Mary Elizabeth Mann, née Rackham, (14 August 1848 – 19 May 1929) was a celebrated English novelist in the 1890s and early 1900s. She also wrote short stories, primarily on themes of poverty and rural English life. As an author she was commonly known as Mary E. Mann.

Life

Mary Rackham was born in Norwich to a merchant family on 14 August 1848. and she was baptised on 17 September in Heigham Parish Church in Norwich. Little is known about her early years, although Taylor states that she spent much of her childhood in the imposing family residence of Town Close House.

After her marriage on 28 September 1871 to Fairman Joseph Mann, a farmer with 800 acres, she moved to Shropham,  Norfolk.  Her husband was a churchwarden and A parish guardian; she also became involved with the workhouse, and visited the sick and other unfortunates of the parish, her observations and experiences informing her stories. Sutherland notes that lived in Norfolk her whole life, and wrote about the rural life in East Anglia that she knew so well.

She took up writing in the 1880s in order to relieve the tedium of daily life in what must have been, after her upbringing in Norwich, a remote and uninteresting country village. Her literary efforts were initially guided by Thomas Fairman Ordish, the son of her husband's sister, a literary-minded civil servant who became a notable Shakespearian scholar. Mann published her first novel, The Parish of Hilby (1883) at her own expense, probably on commission. and it was well received by the critics. Man refused an offer of £12 from the Family Herald to serialise the book. Kemp notes that her early fiction was published anonymously.

This began a career that spanned more than thirty years during which she published thirty three novels, hundreds of short stories, and fourteen plays, of which at least two were staged in London. Her work was largely focused on the experiences of rural life in Norfolk from labourers to yeoman farmers during the late 19th century agricultural and economic upheaval.

She had four children, one boy and three girls. After her husband's death in 1913, she moved to Sheringham, where she died aged 80. Her grave is in the churchyard of St Peter and St Paul, Shropham. Her grave-marker is a carved open book with the epitaph  We bring our years to an end, as if it were a tale that is told.

Works
Shropham was renamed 'Dulditch' in her novels, reflecting her view of the village as isolated and bleak. She wrote Tales of Dulditch while living at Manor Farm which inspired her view of rural life during the early 20th century. Formerly regarded as a novelist belonging to the ‘earthy’ rural genre, her short stories in Tales of Victorian Norfolk are grim but authentic accounts of poverty and deprivation.  Often described by some as Norfolk's Thomas Hardy, Mann was admired by D. H. Lawrence. 
 
Novels include Mrs Day's Daughters, and The Patten Experiment (1899) where a group of well-meaning middle class folk try to live on a labourer's wage for a week.

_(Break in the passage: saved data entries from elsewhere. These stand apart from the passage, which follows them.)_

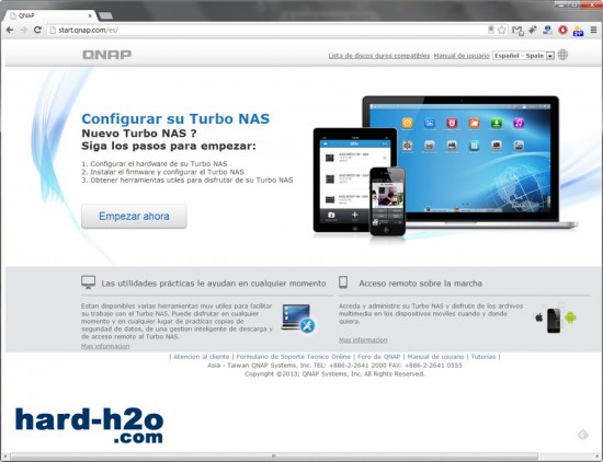Una vez arrancado el NAS (previa conexión a nuestro router o cablemodem), procedemos a su instalación; solo tenemos que acceder a la dirección http://start.qnap.com para comenzar este proceso.
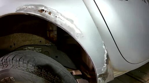 Ремонт правого заднего крыла на Мицубише.
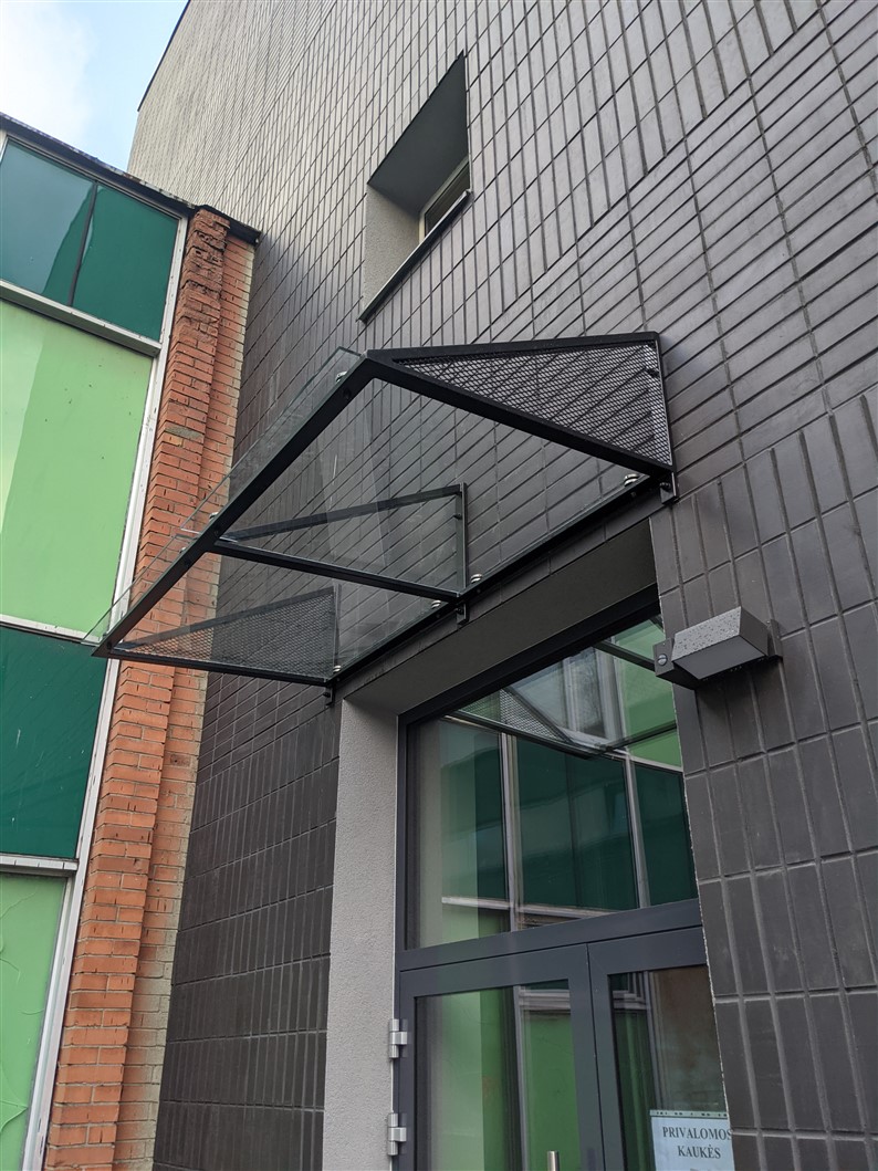 Stogelis virš durų pagamintas iš juodo plieno. Viršutinė dalis grūdintas 10 mm stiklas, šonuose įvirintas tinklas. Konstrukcija gruntuojama ir dažoma pagal RAL spalvų paletę.
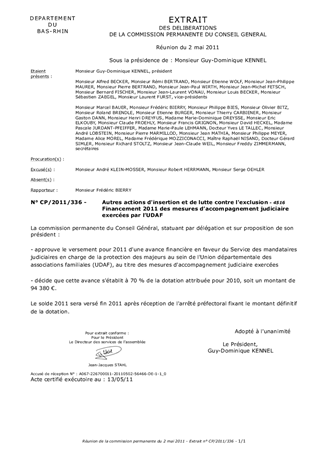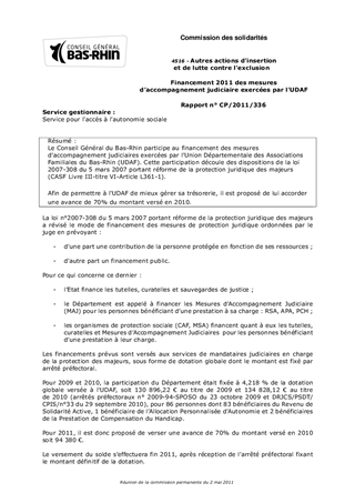 Le Conseil Général du Bas-Rhin participe au financement des mesures daccompagnement judiciaires exercées par lUnion Départementale des Associations Familiales du Bas-Rhin (UDAF). Cette participation découle des dispositions de la loi 2007-308 du 5 mars 2007 portant réforme de la protection juridique des majeurs (CASF Livre III-titre VI-Article L361-1). Afin de permettre à lUDAF de mieux gérer sa trésorerie, il est proposé de lui accorder une avance de 70% du montant versé en 2010.
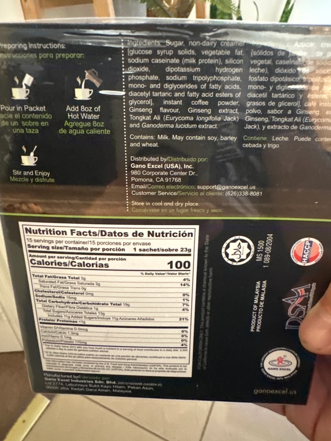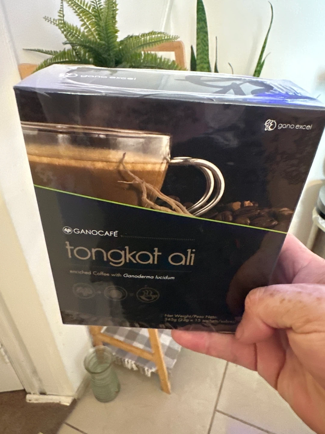 Selling a box of GanoCafe Tongkat Ali enriched coffee. It is made using an exotic blend of premium roasted coffee, ginseng, tongkat ali, and Ganoderma lucidum. Each box contains 15 sachets, each weighing 23g.
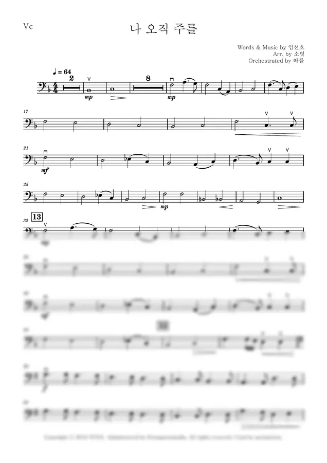 합창을 위한 첼로 반주 편곡 악보입니다.

Her work has recently been rediscovered as a major contributor to East Anglian literature, championed among others by A. S. Byatt, who in 1998 included her story Little Brother in The Oxford Book of English Short Stories. Byatt said that she had been introduced to Mann's writings by D. J. Taylor. Taylor suggests that this is one of the grimmest stories in Victorian fiction. In the story a mother gives the corpse of a still-birth boy to her living children to play with as a doll.  Byatt calls the story plain, and brief, and clear and terrible though the narrator's tone is not simple. Byatt goes on to say that Mann is recording, not judging but her telling is spiky with morals and the inadequacy of morals.

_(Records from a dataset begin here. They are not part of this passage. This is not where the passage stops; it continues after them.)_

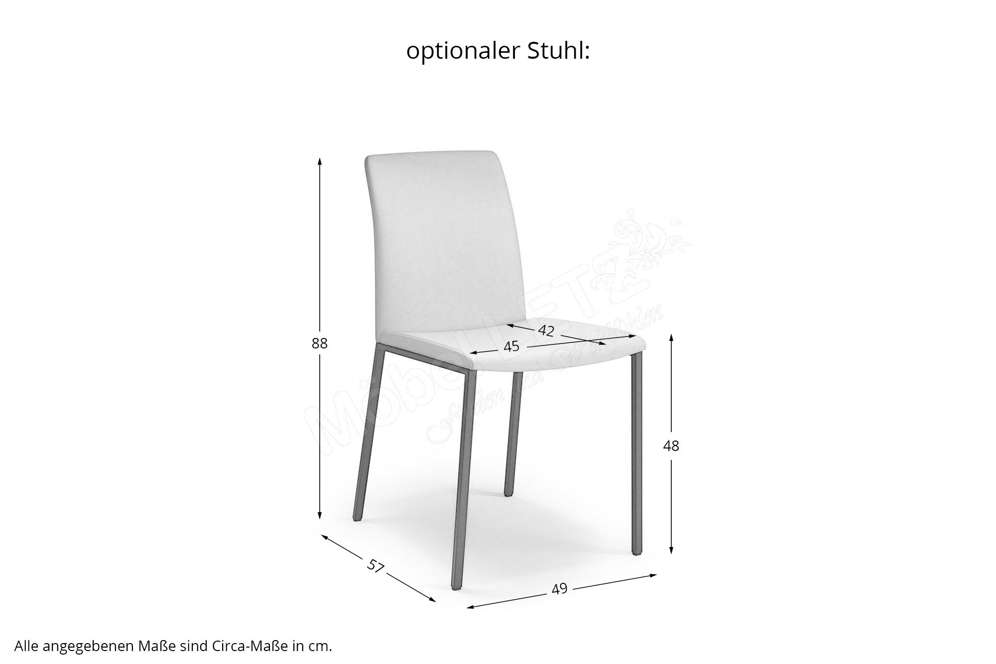 Stuhl Pavia, BHT ca.: 49/88/57 cm, Sitzbreite ca. 45 cm, Sitzhöhe ca. 48 cm, Sitztiefe ca. 42 cm
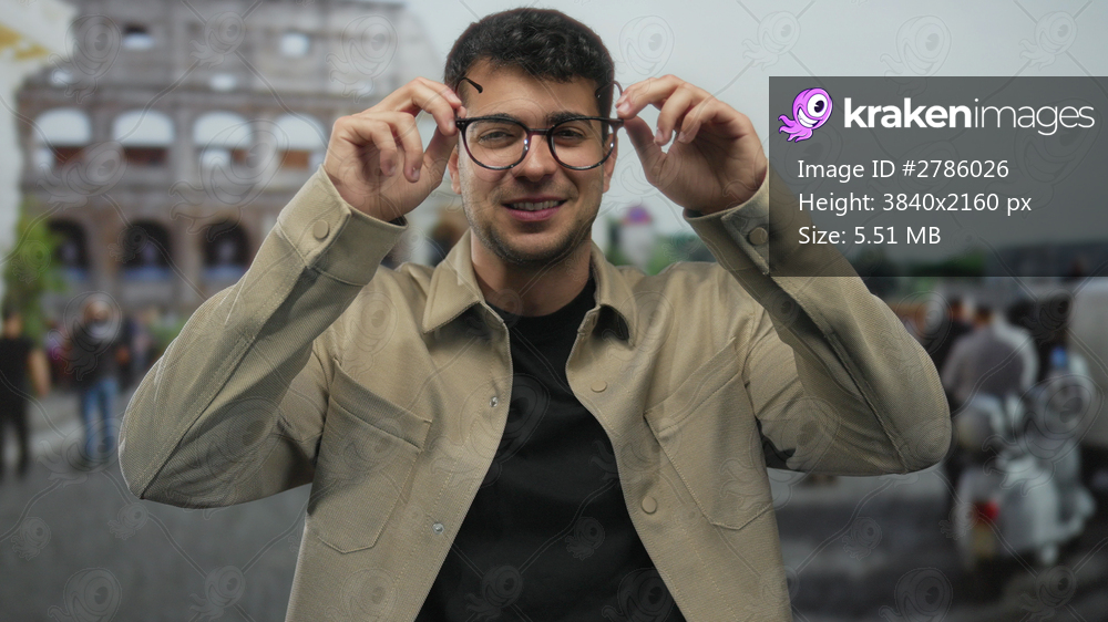 Man wearing glasses adjusts pose before colosseum to capture hispanic journey in rome as tourist selects sleek spectacles and fixes lens for confident male traveler. - Kraken Images
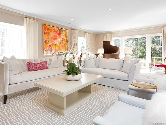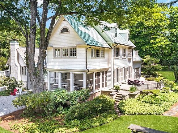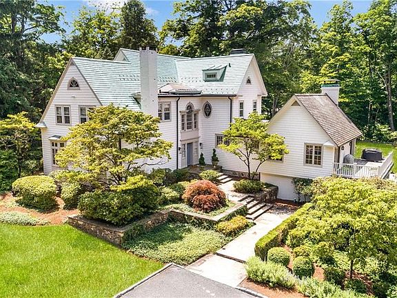 Chic and modern, this classic 4 acre estate has been totally re-imagined for today's lifestyle. A masterful new renovation offers luxurious living at it's finest. Gorgeous formal rooms, stunning barrel ceilinged great room, state of the art chef's kitchen, and all marble baths are just some of the features of this beautiful home. With 7 bedrooms and 6 full baths that include the 2 bedroom guest cottage, there is room for all. Just 3 minutes to town, this sophisticated home offers in town living with exceptional privacy and unparalleled park like property. The main house includes over 8200 sf on 4 levels and the guest cottage adds 1150 SF as well as a separate address with VOIP wiring for a home office. The estate is sited on two 2 acre parcels surrounded by picturesque stone walls, expansive lawns, majestic trees and charming pond. Opportunities abound for further enhancements of recreational space or enlarged guest/pool house or a tennis court. Two pool sites with extensive plans available. See Special Features in Documents. Guest Cottage assessment is $712.530 and taxes are $12,942.40

Taylor, who wrote the entry for Mann in Oxford Dictionary of National Biography in 2004, considers her best work to be not her novels but short fiction written in the 1890s such as Ben Pitcher's Elly, Dora o' the Ringolets and The Lost Housen, arguing them to be the equal of Hardy's but based on a matter-of-fact mood rather than Hardy's "vengeful determinism". These stories are collectively known as the Dulditch stories, and Taylor wrote a foreword to an anthology of thirty two of her Dulditch stories in 2008 as The Complete Tales of Dulditch. Taylor considers that it was Mann's first-hand observation of a community enmired in the 1880s agricultural depression that gives her best work its sheen. Richard King in The Tatler also considered that Mann was a writer whose greatest success lay in her short stories. The Scotsman said of her short stories that . . . Mann, has the talent of making her comedies, and tragedies complete and impressive within brief compass; and most of them have a touch of originality.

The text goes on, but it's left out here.